NFL teams as single entities do not fall under this category, though, and are most certainly not exempt from taxation. While the commissioner does technically report to the league's 32 team owners who elect him and pay his salary, he is paid under the umbrella of the National Football League.
And the NFL considers itself a trade association made up of the 32 teams which bankroll it.
Confused yet? We're just getting started.
NFL teams are guarded about the amount of money their executives get paid.
While outsiders may not know the salaries of team execs down to the final digits on the pay stub, we can estimate the neighborhood in which they are operating pretty well.
General Manager: $1 Million-$3 Million Salary
Though not official, Dolphins general manager Jeff Ireland is believed to have made about $2.8 million in 2011, according to Ben Volin of The Palm Beach Post.

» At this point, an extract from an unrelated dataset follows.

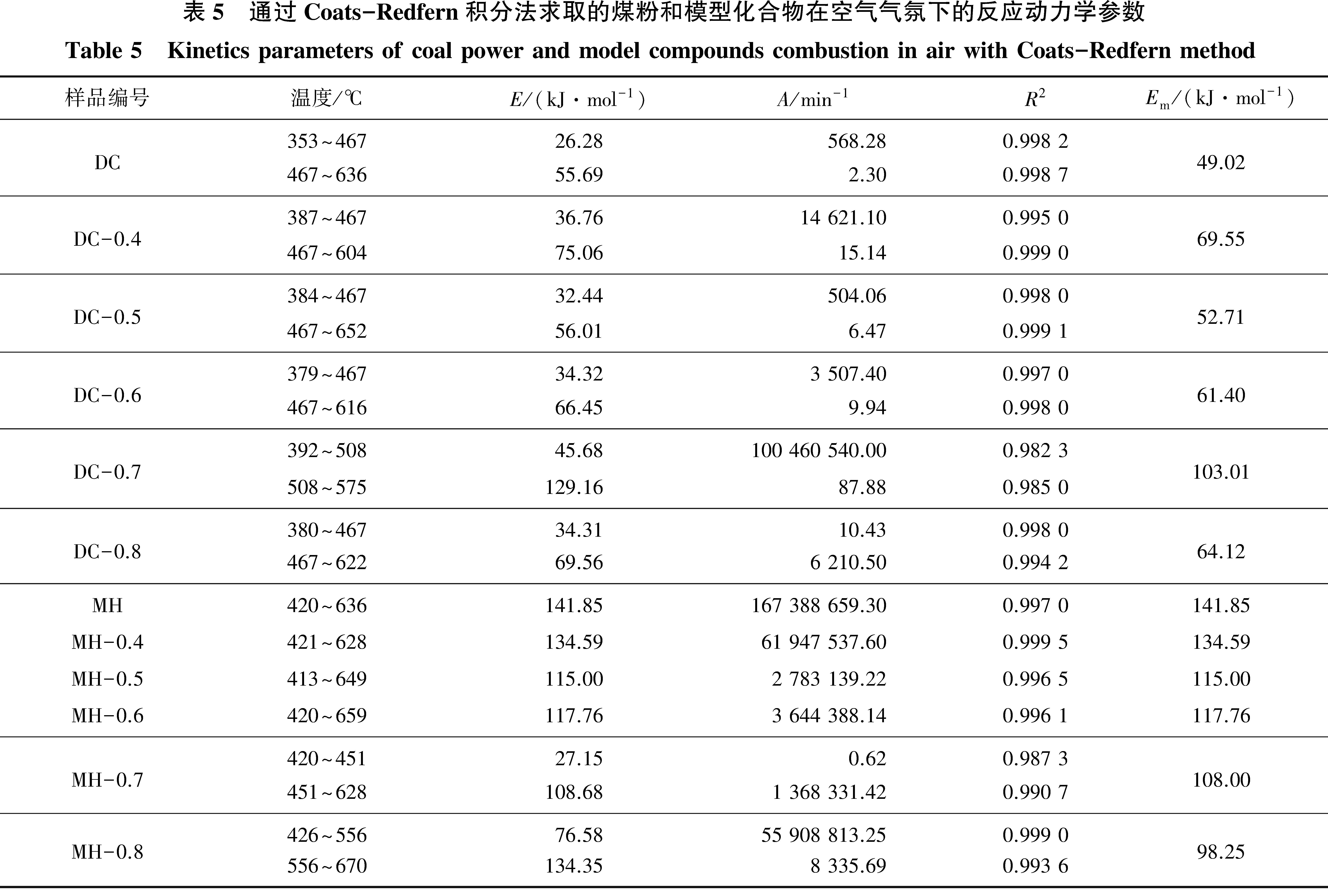 在各自的温度区间内,样品的Coats-Redfern 动力学分析曲线具有较好的线性关系,这与假设煤粉/模型化合物在空气气氛下的反应为1 级反应是一致的。 R2 =0.95 ~0.99,证明用Coats-Redfern 积分法计算的煤粉/模型化合物动力学参数可靠。 计算燃烧反应的活化能E 和指前因子A,见表5。

At the time former Chargers GM A.J. Smith was re-upped for five years in 2008, his contract was for around $11 million, according to Kevin Acee of The San Diego Union-Tribune. Smith's five-year deal was "believed to be the third-richest and the longest pact among the league's general managers," according to Acee.
Another recent example: Eagles GM Howie Roseman received a contract for four to five years, according to Jeff McLane of the The Philadelphia Inquirer.

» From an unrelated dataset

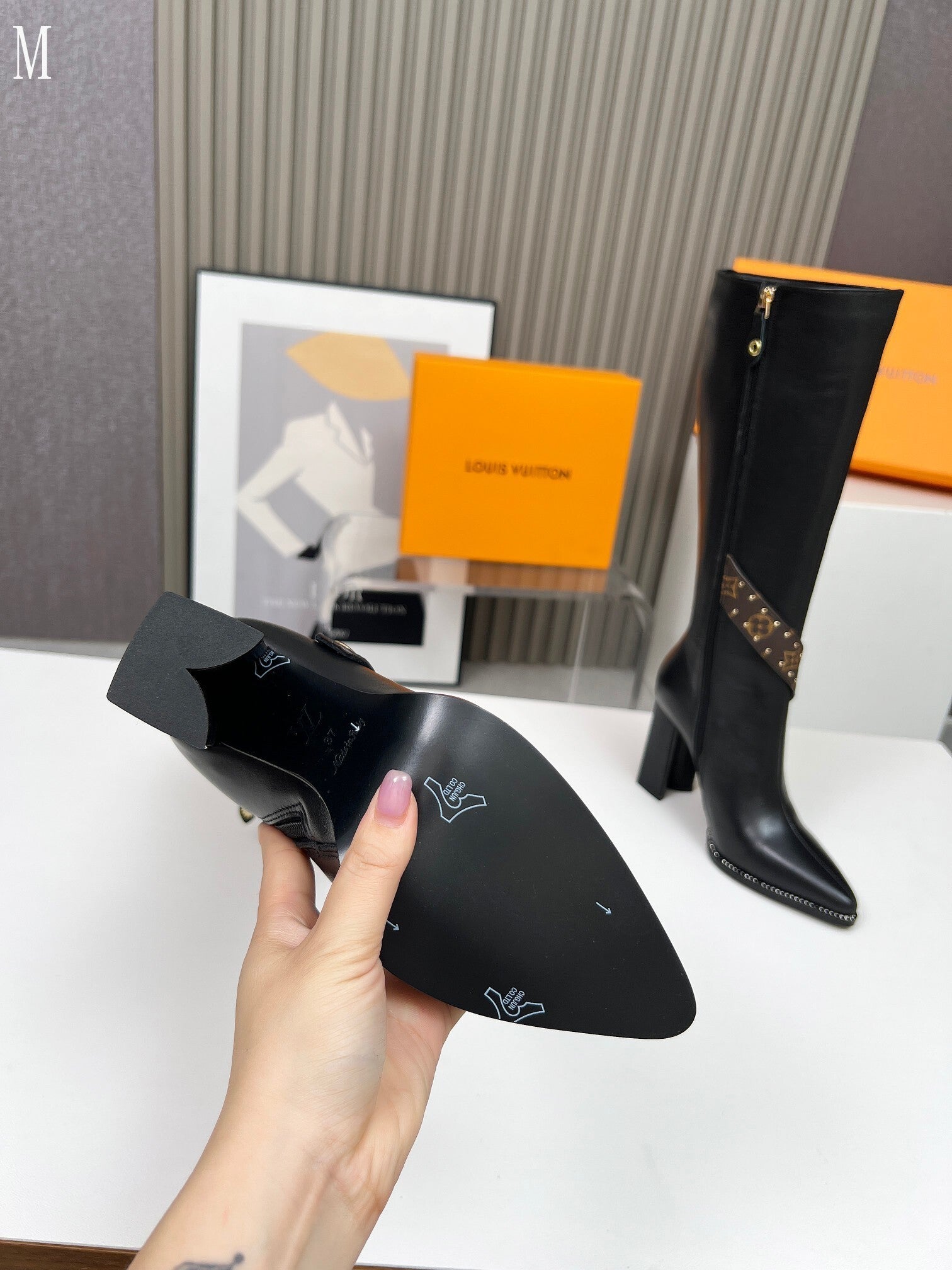 These knee-high boots capture the essence of Louis Vuitton elegance with a modern edge. The blend of supple leather, textured knit, and gold chain detailing creates a bold yet sophisticated look that complements dresses, skirts, or tailored coats.

The general manager is usually the club's highest-paid front-office employee. The GM reports to the owner and/or CEO, depending on how ownership has set up the leadership structure.

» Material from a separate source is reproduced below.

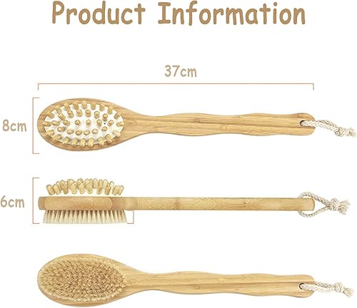 Wet and Dry: Dry brush the body before bathing, conducive to the decomposition of cellulite, promote lymphatic circulation, wet and soft contact with the skin, bathing more comfortable, the brush bristles soft and hard moderate, both comfort and cleaning

They have direct reports in scouting, personnel and football operations. They also have administrative oversight of groups such as marketing, business development and facilities.
Vice President: $180,000-$400,000 Salary
Sports Business Daily gives an overall view of what a VP within an NFL organization is likely to make, starting at a median of around $230,000. At this level of seniority, the business operates just like most other businesses.
The VPs over the divisions or service lines that generate revenue are paid more than those who oversee support services. VPs over departments such as ticket sales, marketing, business development and corporate partnerships make more money than VPs who oversee groups like maintenance, environmental services, facilities or equipment.
Highly sought-after VPs in scouting are generally paid the most. VP of player personnel, or a similar title, is the most common stepping stone to a general manager appointment. Most GM titles actually come with an "executive VP" classification.
Director of Scouting: $95,000-$275,000 Salary
There are two sides to the scouting department for NFL teams: college scouting and pro scouting.
The director of college scouting has direct reports from all of the regional and area scouts who travel to evaluate collegiate players. The pro scouting director has oversight of the pro scouting department, which scouts upcoming opponents, free agents and players currently under contract with the team.
National Football Post's Dan Bechta estimates a director of college scouting's salary at around $275,000—understandably on the high end, as it's crucial for teams to bring in effective young talent. Also included here is the salary for the scouting assistants who report to the directors; they're down at the low end of this spectrum.
Account Executive: $35,000-$165,000 Salary
The headline here might as well say "ticket sales."
People can make a whole lot of money selling tickets for an NFL franchise. Sometimes PSL (personal seat licenses, which allow fans to purchase season tickets) packages can sell for more than an average person's mortgage. Those are monster commissions.
The producers on the low end of this spectrum are those who cannot sell or those who are afraid of hearing "no" from big clients—probably both. Either way, Jerry Jones doesn't want that type of person around the building.
Scout: $20,000-$95,000 Salary
They don't wear suits, but they have their own suit. It has pockets for binoculars and stopwatches, and it has seen its fair share of the road.
The lowest "horror-story figure" I've heard was $20,000. Generally, the "road scouts" and the area guys make between $40,000 and $95,000 a year (latter figure per Bechta), depending on seniority.